1856: Oct. 22? (Vol. 1: no. 1) – 1857: Oct. 14? (vol. 1: no. 52)



Subsequent Title

The Western Mercury (Sandwich) may continue the British Canadian. The two newspapers shared a business office. On page 2 of the Feb. 25, 1858 issue of the Western Mercury, the editor writes “All parties indebted to this office for the 1st vol., British Canadian or for printing, or advertising, are requested to make immediate payment.” The newspapers also share the same motto: Our country’s welfare first, and then, we stand by honest party men. Furthermore, the numbering of the Western Mercury seems to continue the numbering of the British Canadian.
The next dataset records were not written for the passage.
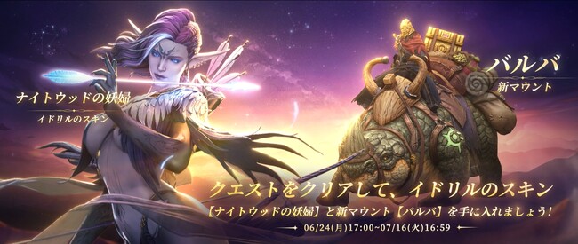 ◆6月24日(月)~7月16日(火)のイベント期間中、クエストをクリアすると、「イドリル」(エピックマークスマン)のスキン「ナイトウッドの妖婦」と、新ヴォイドリフトマウント「バルバ」を無料で獲得できます。
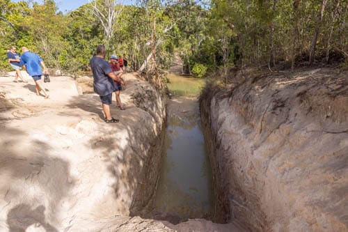On our way we will visit the Jardine River Crossing. Unfortunately the crossing is now closed so we will again be taking the ferry to continue south. We will again stop at Fruit Bat Falls for lunch and a swim before heading to the east coast for camp.
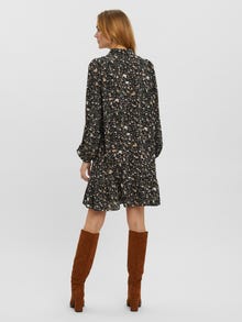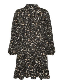 Shirt dress with puffy shoulders, elastic cuffs, balloon sleeves, and ruffles at the bottom. Style this gorgeous dress with a pair of heeled boots and your favourite jewellery for a stylish, go-to look.
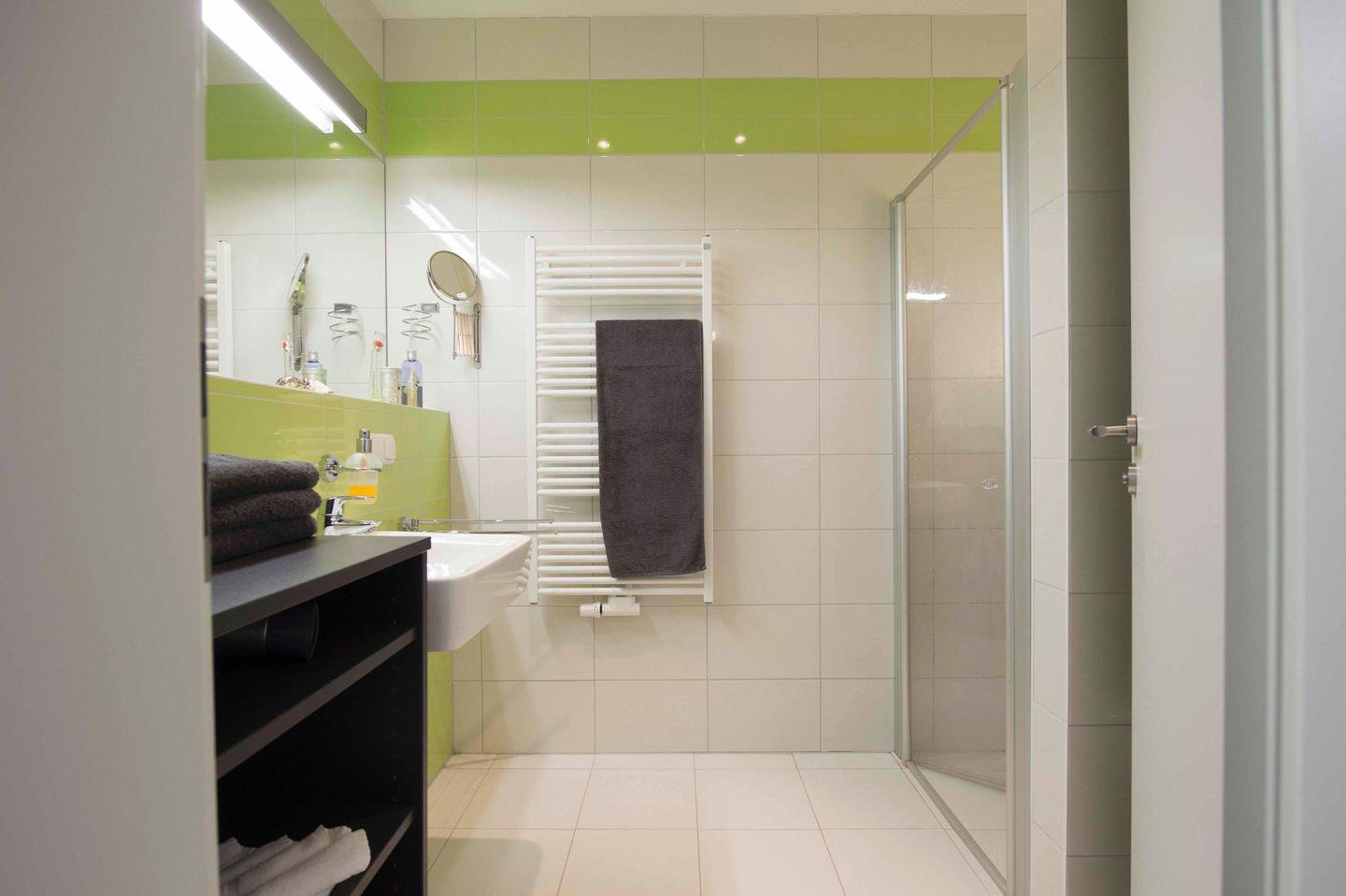 Im modernen Bad finden Sie einen Waschtisch und eine Dusche.

However, the two newspapers have different editors, different political perspectives (based on content in existing issues), and were published on different days.

Online Holdings

1857: Feb. 18 (Vol. 1: no. 18) 4p. 2 copies


British Canadian (Sandwich), Newspapers, Sandwich (Ontario), Windsor (Ontario), Essex County (Ontario)


Canadian History | Public History


Public Domain


The British Canadian was a four page weekly newspaper published in Sandwich every Wednesday morning at a subscription cost of 10 shillings per annum. It first appeared in October 1856 and may have been continued by the Western Mercury in about November 1857. The editor was W. H. Wilson and it was published through his company, W. H. Wilson and Company.
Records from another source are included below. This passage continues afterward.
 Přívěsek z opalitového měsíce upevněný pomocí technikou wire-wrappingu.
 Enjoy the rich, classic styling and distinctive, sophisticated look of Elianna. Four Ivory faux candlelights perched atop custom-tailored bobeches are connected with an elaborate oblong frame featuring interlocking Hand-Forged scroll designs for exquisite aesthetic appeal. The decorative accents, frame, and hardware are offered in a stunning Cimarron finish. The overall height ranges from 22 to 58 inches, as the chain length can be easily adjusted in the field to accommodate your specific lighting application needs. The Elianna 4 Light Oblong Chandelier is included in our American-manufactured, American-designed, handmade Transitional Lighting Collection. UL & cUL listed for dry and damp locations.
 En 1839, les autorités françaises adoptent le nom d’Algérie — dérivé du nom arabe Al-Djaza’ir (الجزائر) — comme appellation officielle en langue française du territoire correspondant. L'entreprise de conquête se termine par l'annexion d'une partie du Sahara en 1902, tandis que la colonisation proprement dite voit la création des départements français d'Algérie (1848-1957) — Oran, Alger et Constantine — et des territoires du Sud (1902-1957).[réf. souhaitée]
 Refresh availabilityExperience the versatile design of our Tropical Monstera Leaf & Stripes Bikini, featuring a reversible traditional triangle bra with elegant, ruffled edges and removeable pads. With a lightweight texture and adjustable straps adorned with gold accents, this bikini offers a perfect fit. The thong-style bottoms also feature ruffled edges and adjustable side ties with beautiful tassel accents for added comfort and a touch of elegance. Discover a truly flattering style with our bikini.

The newspaper’s motto was “Our country’s welfare first, and then we stand by honest party men”. W. Meikle’s Canadian newspaper directory of 1858 (updated to Spring/Summer 1857) wrote of the British Canadian: “This sheet is moderate on political matters, rather inclining to Reform. It is quiet on points of religion, holding a somewhat neutral position. It has a circulation approaching to 500, chiefly within the county, besides not a few in Western Canada and different parts of the United States”. Indeed, a lot of the newspaper was taken up with small, local advertisements, notices, and a good dose of poetry and prose. National and international news stories were reprinted from other newspapers, and there seemed to be relatively little (although sometimes still contentious) local reporting.
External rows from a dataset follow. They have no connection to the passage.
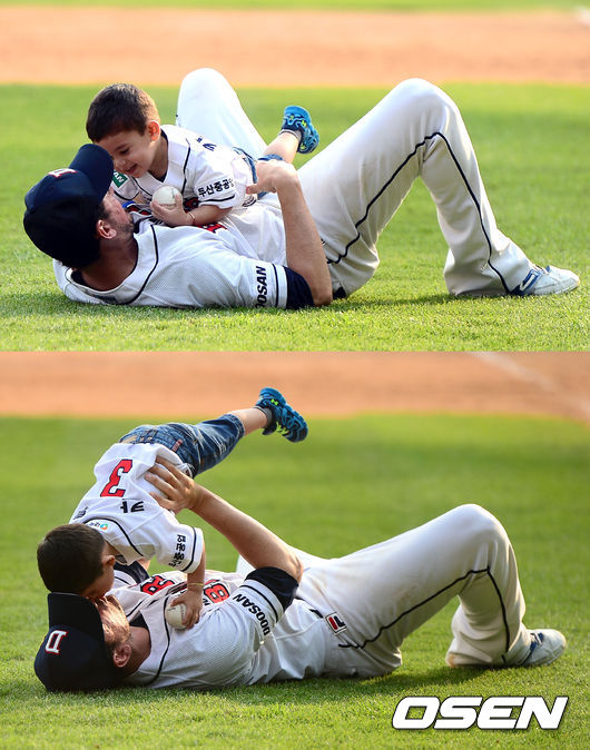 경기 종료 후 두산 칸투가 아이들과 그라운드에서 함께 놀고 있다./youngrae@osen.co.kr
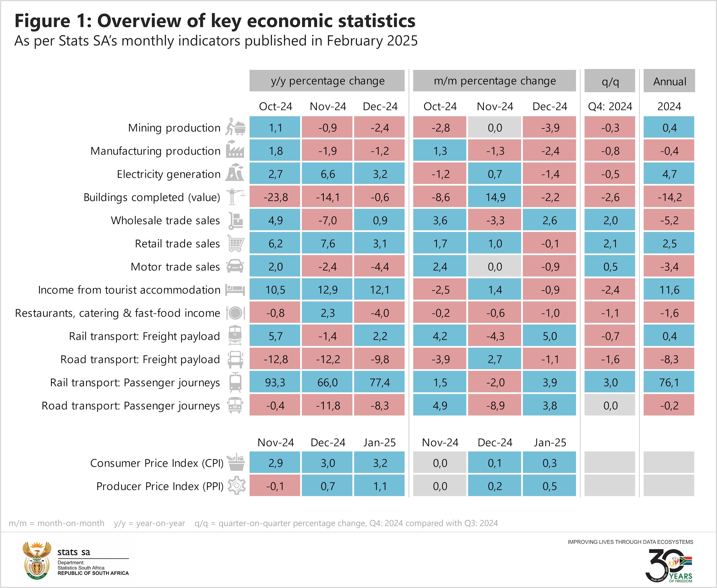 Economic data published this month provide preliminary insight into how the South African economy performed in the fourth quarter of 2024 and the calendar year
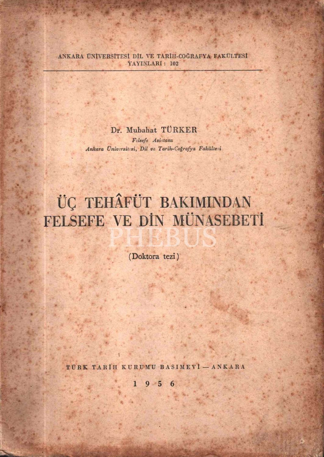 ÜÇ TEHÂFÜT BAKIMINDAN FELSEFE VE DİN MÜNASEBETİ (Doktora Tezi), AÜ DTCF Yayınları, Dr. Mubahat Türker, 1956, 419 sayfa

During this time, there was considerable rivalry among newspapers. Some of it was friendly, some not so friendly. The Windsor Herald of November 28th, 1856 (p.2) had a lot to say about the British Canadian. The Herald began by making fun of the super tabloid size (greater than 24x36 inches!) of the British Canadian’s first few issues and its claim to the title of “largest” newspaper in the County: “It is now reduced to the common size of the others and feels itself a little more comfortable in consequence, as there is less matter to supply, less wages to pay, and less trash for the half dozen readers to wade through.” “We cannot say that the improvement is visible, unless a change from maudlin imbecility to malignant and vulgar writing may be considered as such.” The British Canadian had apparently been very critical of the Herald and the 2 newspapers seemed to disagree on locally based controversies, for example, the latest legal woes of Colonel John Prince.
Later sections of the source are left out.